Jia-xue LIU, Bo LI, Run-xia GUO

(College of Electronic Information and Automation, Civil Aviation University of China, Tianjin 300300, China)

Abstract: In terms of the problem “surplus fuel will increase fuel consumption” in Civil aviation transportation, together with the practical significance of flight time and fuel consumption per hour, this paper proposed a calculation method for the fuel capacity upon flight time. We analyzed the cases which include the collected flight time and fuel consumption of passenger airplane B737-800 on 2 000 kilometers routes, explored the numerical features of flight time by applying the chaotic time series theory, selected the neighborhood points by hamming distance and similarity, then proposed an improved adding-weight zero-rank local region prediction model especially for small datasets. Simulation results show that our proposed method could provide a better fit in multi-steps prediction than state-of-art adding-weight zero-rank prediction algorithms. The airline flight case of B737-800 and the predicted flight time were collected, and the proposed method has been validated. Numerical experiments show that this new method could save fuel capacity from 790 kg to 2 795 kg and reduce the fuel consumption from 0.6% to 1.47% during the same voyage.

Key words: Fueling charge, Flight hours, Chaotic time series, Similarity

1 Introduction

“Surplus fuel increases fuel consumption” phenomenon refers to the increase of aircraft fuel consumption caused by the increase of aircraft gross weight, which is owing to excessive fueling charge. The flight remaining oil after landing is applied as one of the flight efficiency evaluation indicators in international civil aviation industry. Nearly 25% flights of one famous domestic airline remain more than 2-hour fuel consumption after landing, while the internationally recognized standard is only 1.25-hour. Take the B737 flight for an example, the corresponding internationally recognized landing remaining oil is about 3 tons, while the same flight in domestic airline remains about 4 tons. Therefore, the domestic refueling programs urgently need to be optimized. Under the premise of ensuring flight safety, the optimization of fueling charge can effectively alleviate the problem of fuel wasting.

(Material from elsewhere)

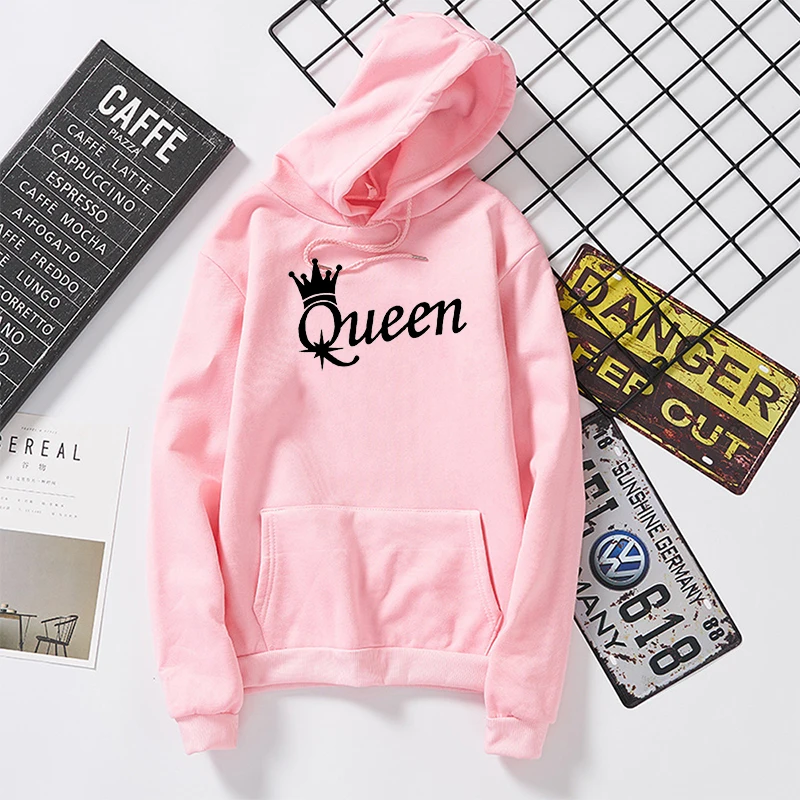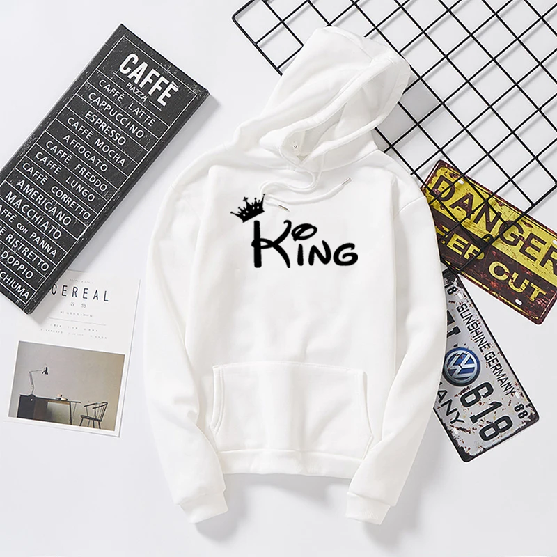 Толстовка с капюшоном для мужчин и женщин, уличная одежда с принтом короны и короны, KING Queen, свитшот с длинным рукавом, Зимний пуловер с капюшоном для влюбленных
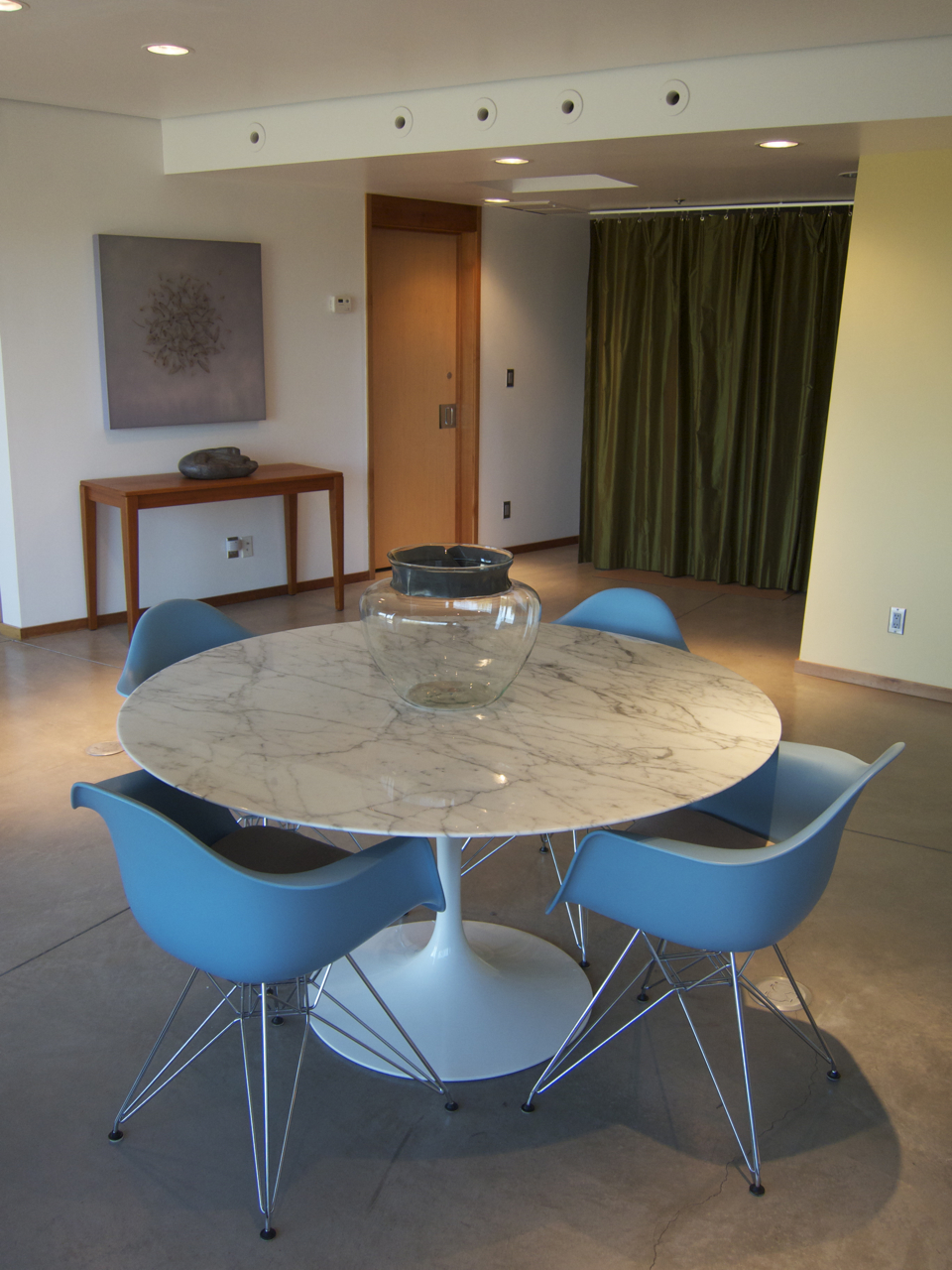 The next image, (below), is of the lower-level Living Room taken earlier this spring. Martha was standing in the southeast corner of the room, looking back to the northwest corner, when she took the photograph. Again the outlets are visible toward the top of the image. The sculpture on the table over against the wall is by Steve Kestrel and the mixed media piece hung on the wall immediately above it is by Mayme Kratz.

Fuel consumption and flight hours are affected by a lot of factors [1]. At the macro level, routine distance, air traffic flow influenced by the airport and airspace capacity are the main factors to determine the fuel consumption and flight time. Microscopically, flight model, airport schedules, weather, airline production plan and passengers will also have an impact on the fuel consumption and flight hours. Because of many uncertainties, the establishment of a suitable model for fuel consumption and flight hours to calculate the fueling charge is significant for flight planning and overall planning of airlines[2].

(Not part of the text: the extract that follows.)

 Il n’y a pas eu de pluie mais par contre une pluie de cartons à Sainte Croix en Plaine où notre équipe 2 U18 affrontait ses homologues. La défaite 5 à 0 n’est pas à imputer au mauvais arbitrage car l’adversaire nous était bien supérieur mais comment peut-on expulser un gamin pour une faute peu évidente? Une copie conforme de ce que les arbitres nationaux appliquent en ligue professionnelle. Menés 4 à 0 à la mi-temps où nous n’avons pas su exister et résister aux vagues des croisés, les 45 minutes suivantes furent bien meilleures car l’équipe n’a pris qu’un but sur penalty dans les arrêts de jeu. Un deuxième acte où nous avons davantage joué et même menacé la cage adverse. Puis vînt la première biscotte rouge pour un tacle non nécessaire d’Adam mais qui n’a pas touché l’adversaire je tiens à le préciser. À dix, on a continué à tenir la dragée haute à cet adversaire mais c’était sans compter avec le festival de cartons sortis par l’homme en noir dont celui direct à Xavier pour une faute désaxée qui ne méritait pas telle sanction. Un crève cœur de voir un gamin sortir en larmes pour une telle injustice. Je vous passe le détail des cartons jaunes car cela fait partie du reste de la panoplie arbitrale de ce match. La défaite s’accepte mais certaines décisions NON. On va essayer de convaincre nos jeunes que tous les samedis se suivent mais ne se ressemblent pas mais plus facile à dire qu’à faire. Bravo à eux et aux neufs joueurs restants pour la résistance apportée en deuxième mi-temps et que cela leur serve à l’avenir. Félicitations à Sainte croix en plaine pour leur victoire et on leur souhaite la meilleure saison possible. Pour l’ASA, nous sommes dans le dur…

In the chaotic system, sample data are sensitive to the initial value, which makes the output reflect the input change immediately. Chaotic theory provides a nonlinear analysis method which is much more realistic, and are commonly applied in transportation research [3-6]. Those work starts from the nonlinear characteristics of the traffic flow, predict the time series via the chaotic time series prediction methods based on small dataset, studies the inner order of the stochastic system, which verifies the feasibility of chaotic system in predicting for a short term. The flight hours and fuel consumption data sampled also have some nonlinear characteristics, so the short-term prediction can be carried out on the basis of chaotic characteristics verification.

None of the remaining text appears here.